De forma sigilosa, o atual diretor do IBGE, Márcio Pochmann, criou uma fundação para captar recursos privados e contratar trabalhadores sem realizar concurso público, que está sendo chamada de “IBGE Paralelo”. Servidores prometem mobilização contra medida privatista e precarizadora
Raul Bittencourt* | Rio de Janeiro (RJ)
No último dia 26 de setembro, foi realizado um ato público de servidores efetivos e temporários do IBGE na porta de sua sede, no Centro do Rio de Janeiro, convocado pelo sindicato Associação dos Servidores do IBGE. Centenas de trabalhadores protestavam contra medidas impostas pelo atual presidente do órgão, Marcio Pochmann, que determinou o retorno ao trabalho presencial e planeja mudar diversas áreas técnicas para um prédio no Horto, Zona Sul da cidade, a fim de reduzir custos de locação. Mas o mais grave, feito sob total sigilo, foi a criação da Fundação IBGE+.
O “IBGE Paralelo” de Pochmann, como está sendo chamado, permite a captação de financiamentos para pesquisas com recursos público e privado, a venda de serviços para grupos privados, a contratação de trabalhadores via CLT e a criação de novas despesas, inclusive pagamentos a conselheiros, sem passar pelo orçamento federal. A criação da fundação se enquadra na Lei Federal n.º 8.958, de 20 de dezembro de 1994, que regulamenta as relações entre as instituições de ciência e tecnológica e as fundações de apoio.
A iniciativa é tida como mais um passo em uma escalada autoritária do atual presidente, que, nos últimos meses, vinha se recusado a debater com os servidores e seu sindicato, só recuando e aceitando reunir-se com a entidade após a repercussão externa da criação da fundação. Portais de extrema-direita têm, inclusive, se aproveitado para disseminar críticas com viés reacionário, sendo repelidos pelos trabalhadores, que seguem coesos, combatendo ataques da gestão e derrotando as tentativas de manipulação dos movimentos fascistas.
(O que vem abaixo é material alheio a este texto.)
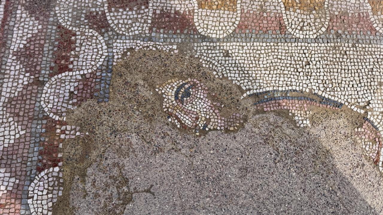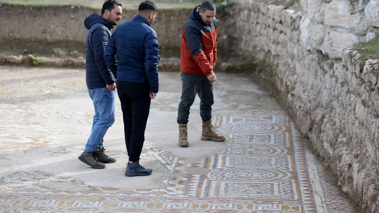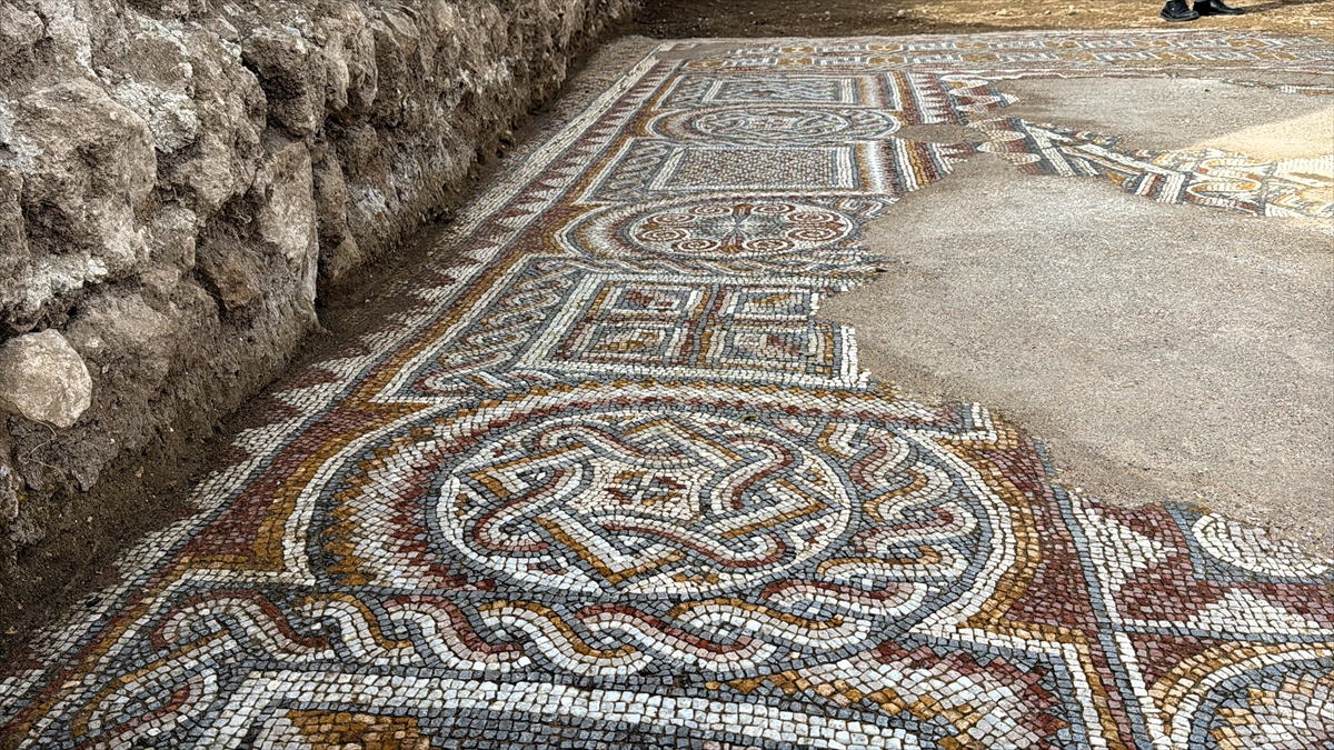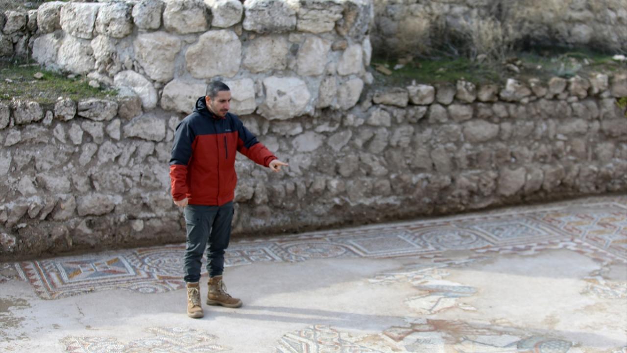 "Dalgalı kurdele motifi var. 8 kollu yıldız merkezde işlenmiş ve bu sekiz kollu yıldızın tam ortasına da antitetik duruşlu tavus kuşları sahnelenmiş. Yine çeşitli geometrik motifler işlenmiş burada. Süleyman düğümleri var panolar içerisinde. Aslında burada gerçekten mozaikler bir halı deseni gibi işlenmiş ve o hala canlılığını, o renkliliğini koruyarak da günümüze ulaşmış. Ziyaretçilerimizi bu mozaikleri görmeye davet ediyoruz. Şu anda mozaiklerimizin geçici üstlerini korumaya da alacağız ama bu yılın sonuna kadar inşallah ziyaretçilerimizin görebileceği bir şekilde de burayı teşhire açacağız."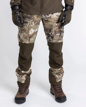 Eine Jagdhose, die perfekt für die mobile und aktive Jagd geeignet ist. Sie ist mit 4-Wege-Stretch mit hoher Dehnbarkeit in den Knien und im Gesäß ausgestattet, was das Bewegen, Sitzen oder Bücken erleichtert. Der Stoff ist hoch atmungsaktiv und die Beine haben Belüftungsreißverschlüsse, die geöffnet werden können, um den Luftstrom zu erhöhen. Das Official True Timber® Camou sorgt für gute Tarnung. Die Beinenden sind verstellbar und können mit Reißverschlüssen geöffnet werden, um das Anziehen von Stiefeln zu erleichtern. Die Hose hat vier Beintaschen, von denen zwei mit Reißverschlüssen versehen sind.

Por trás da criação da fundação apelidada de IBGE Paralelo, estariam as constantes dificuldades orçamentárias, fruto da política econômica que prioriza os interesses de agentes do mercado, em vez dos serviços públicos. Assim, o Governo Lula busca garantir o superávit fiscal para remunerar o esquema da dívida pública, conforme determina o Arcabouço Fiscal, proposto pelo ministro da Fazenda Fernando Haddad, que deu continuidade ao Teto de Gastos do ex-presidente golpista Michel Temer.
Os seguidos contingenciamentos têm prejudicado o funcionamento do IBGE. Em 2020, a redução foi de 32% no orçamento do Censo Demográfico, o que forçou seu adiamento. Em 2021, o orçamento foi reduzido novamente, para R$ 53 milhões, inviabilizando a realização da pesquisa, tendo estes cortes constantes impactado duramente as atividades do instituto durante o Governo Bolsonaro. Já no Governo Lula, em abril de 2024, o corte foi de R$ 9 milhões, o que representa cerca de 25% do valor bloqueado do Ministério do Planejamento, ao qual o IBGE está subordinado.
Política econômica
A preocupação com os constantes cortes orçamentários tem levado direções de outras instituições federais a buscar mudanças em seus regimes jurídicos para reduzir os impactos dos constantes contingenciamentos orçamentários e do Arcabouço Fiscal, além de perdas salariais decorrentes do congelamento após o golpe de 2016 e a posse de Temer. O Inmetro propõe a converter-se em Agência Reguladora; a Fiocruz busca uma mudança de status; o Inpi debate formas de utilizar a sua arrecadação, entre outros.
Tais propostas são paliativos que não atacam o problema central, o liberalismo econômico, que, por décadas, guia o orçamento federal e impõe o arrocho nas contas públicas, levado ao extremo pelo governo do fascista Bolsonaro. A política de Bolsonaro e Paulo Guedes impôs penúria aos serviços e servidores públicos, a qual, apesar das promessas eleitorais, não foi revertida por Lula, que segue submisso aos desmandos do mercado. Sem romper com o arcabouço fiscal, restam poucas alternativas para o serviço público.
Por isso, a única saída para os servidores públicos federais são as manifestações, paralisações e greves, como já demonstraram os servidores da educação federal, que, além das conquistas salariais, pautaram a recomposição do orçamento das universidades e impuseram uma derrota à política fiscal do atual governo.